Try it: Lines before the one containing "Η ηλεκτρική οδοντόβουρτσα" are not wanted; restate the rest below word for word, through the last line, but drop any pictures.

Provided data:
- Opening Delimiter -

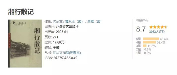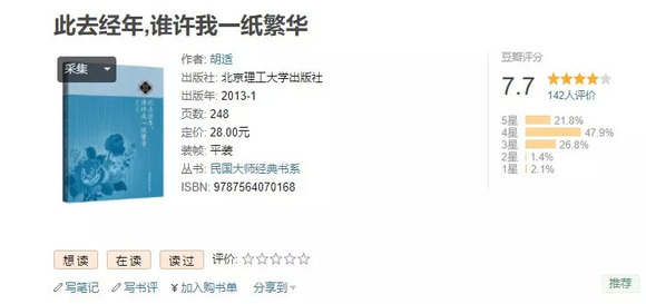 其实,这套名为《那些路过心上的经典:民国大师经典书系》(套装共9册)的图书,早在2013年由北京某大学出版社出版。现在某电商网站,这套书仍然可以买到,参与评价的读者近3万人次,99%的人打出了好评。在豆瓣上,这套丛书的评分也不低,如胡适的《此去经年,谁许我一纸繁华》有7.6分,沈从文的《一指流沙,我们都握不住的那段年华》为8.0分,评分最高的是梁实秋翻译的《陌上谁人依旧,固守流年》8.4分。
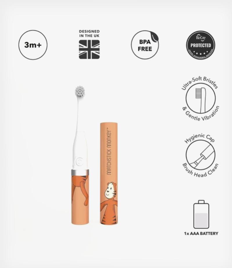 Η ηλεκτρική οδοντόβουρτσα λειτουργεί με μπαταρία, έχει ελεγχθεί για την ασφάλεια και περιλαμβάνει μια τυπική μπαταρία ΑΑΑ που μπορεί να αντικατασταθεί εύκολα. Συνοδεύεται από κεφαλή βούρτσας που μπορεί να χρησιμοποιηθεί για μωρά από 3-36 μηνών. Οι ανταλλακτικές κεφαλές μπορούν να αγοραστούν ξεχωριστά.
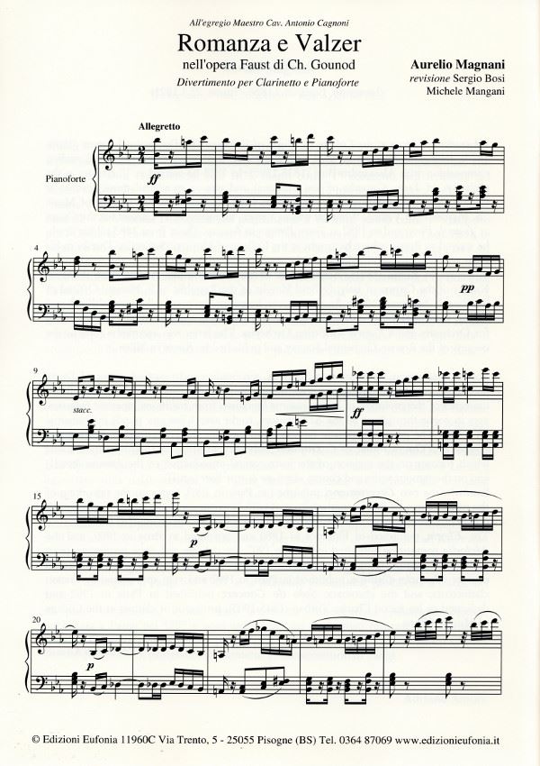 MAGNANI:ROMANZA E VALZER CLARINET AND PIANO iz kategorije skladbe sodi med odlične klarinet.

- Closing Delimiter -

Solution to this exercise:
 Η ηλεκτρική οδοντόβουρτσα λειτουργεί με μπαταρία, έχει ελεγχθεί για την ασφάλεια και περιλαμβάνει μια τυπική μπαταρία ΑΑΑ που μπορεί να αντικατασταθεί εύκολα. Συνοδεύεται από κεφαλή βούρτσας που μπορεί να χρησιμοποιηθεί για μωρά από 3-36 μηνών. Οι ανταλλακτικές κεφαλές μπορούν να αγοραστούν ξεχωριστά.
 MAGNANI:ROMANZA E VALZER CLARINET AND PIANO iz kategorije skladbe sodi med odlične klarinet.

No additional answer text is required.